Yea... I know... maybe general banter is more appropriate...(or ... this is not a huge topic here but we could expand to a forum for public figures... um... that have passed. like people we admire... )... but at the same time I did want to put it there. There are people in life you don't meet... that are great friends. So I posted in obituaries...


----------



## Tude (Mar 12, 2015)

Never read any of his writing, I read science fantasy too , will have to look him up.


----------



## drewski (Mar 12, 2015)

Kinda unrelated, but Odin, if you haven't checked it out I think you'd like Ghost In The Shell. There's the Stand Alone Complex series and the 1995 film and both are solid entertainment filled with great of philosophical ideas. It's where my avatar came from, actually.


----------



## Art101 (Mar 13, 2015)

I had the chance to spend some time with him at a convention in Seattle and that evening is one of my cherished memories.He was a funny and engaging man and very warm and personable.Rest In Peace Terry.


----------



## creature (Mar 14, 2015)

I just read my first terry pratchett story a few months ago.. didn't even know it was part of the discworld universe, it was so well written & stand-alone.. A Hat Full of Sky.. that was it.. yep : )
i'm usually not very big on straight fantasy, but his writing wasn't just about the fantasy, at all..
it's like you mentioned.. "critical satire".. he puts his characters where they mean more than just the story..

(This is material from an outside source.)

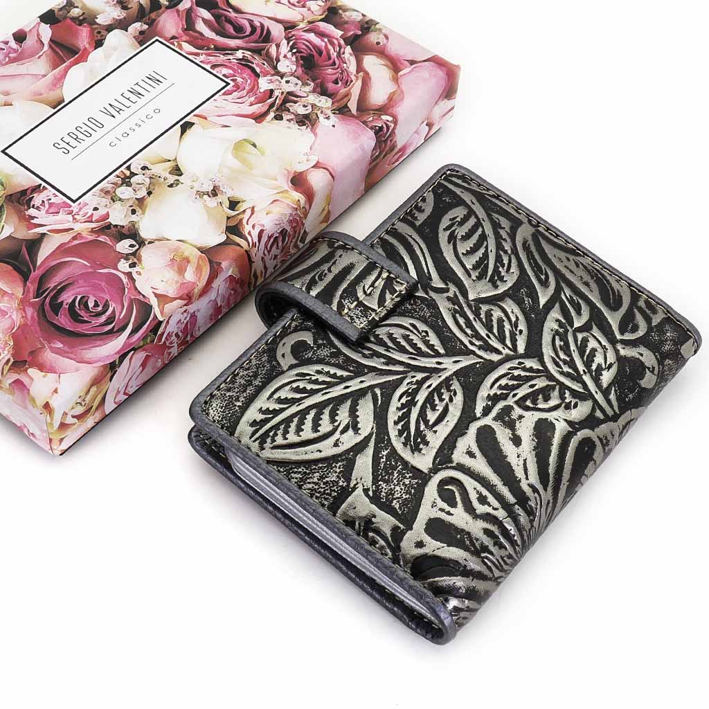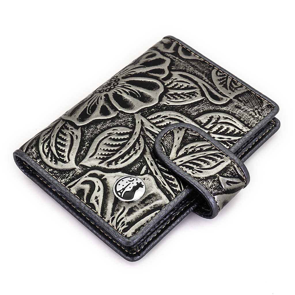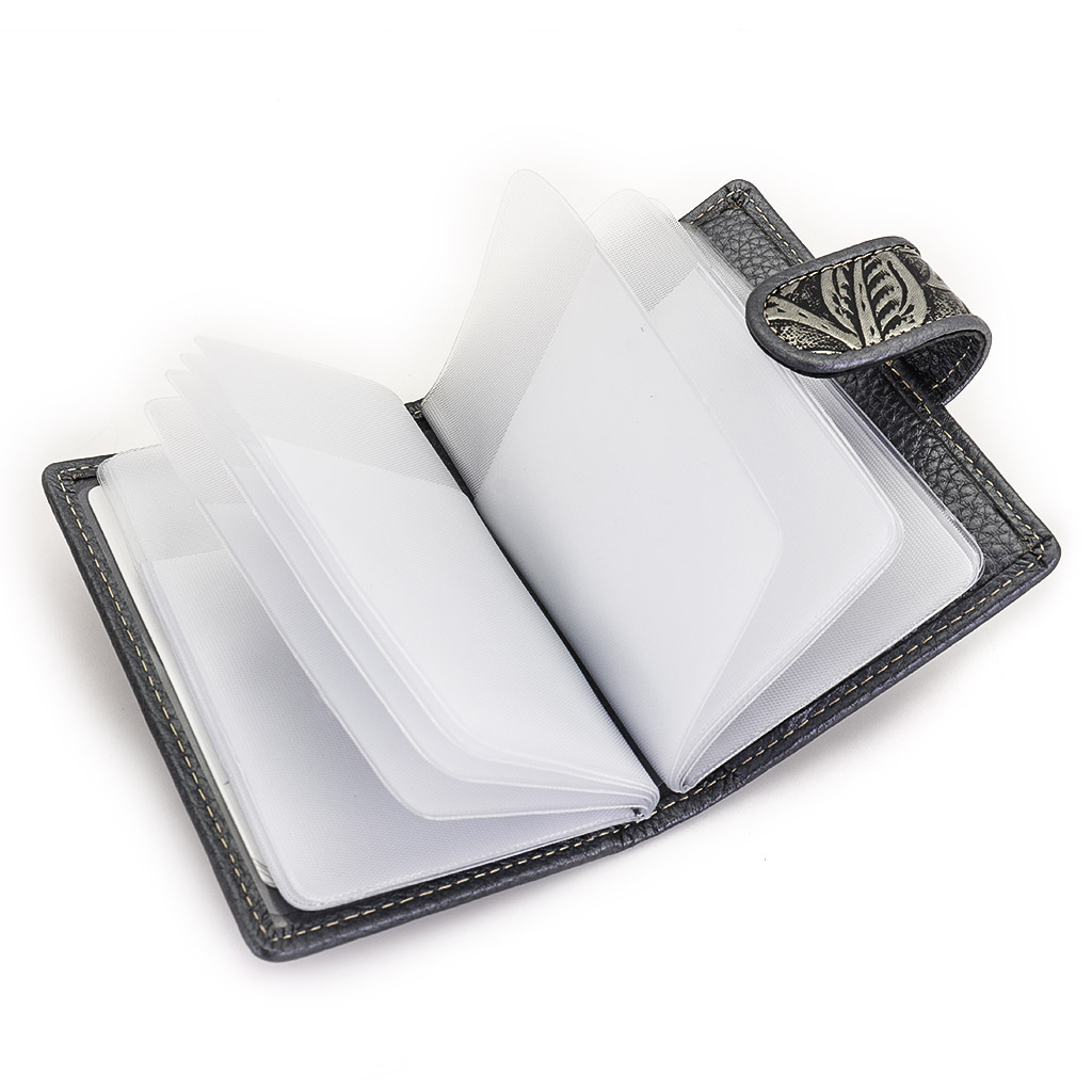 Размер 8 х 10,5 см. Закрывается на хлястик с кнопкой. Внутри: удобные прозрачные пластиковые файлы на 28 карточек, текстильная подкладка и прозрачный захват на левой створке, кожаный захват и кармашек на правой створке.

i was intrigued, & then went digging around.. found the 3 johnny maxwell books.. they were pretty fun..

i may even have read something by him years ago.. i dunno.. june, 2005..
a good story..

seems what he gave with his imagination will stay here, at least...


----------



## Odin (Mar 14, 2015)

@drewski yea I know of Ghost in the Shell. Along with Akira and Cowboy Bebop that was perhaps my ultimate introduction to Anime. Might watch it today eh... 

To everyone else... and creature and Tude... yea... definitely checkout more of Terry Pratchett. 
Going Postal and Making Money are a couple of my favorites as well in the development of his social satire. 
http://en.wikipedia.org/wiki/Making_Money
http://en.wikipedia.org/wiki/Going_Postal


----------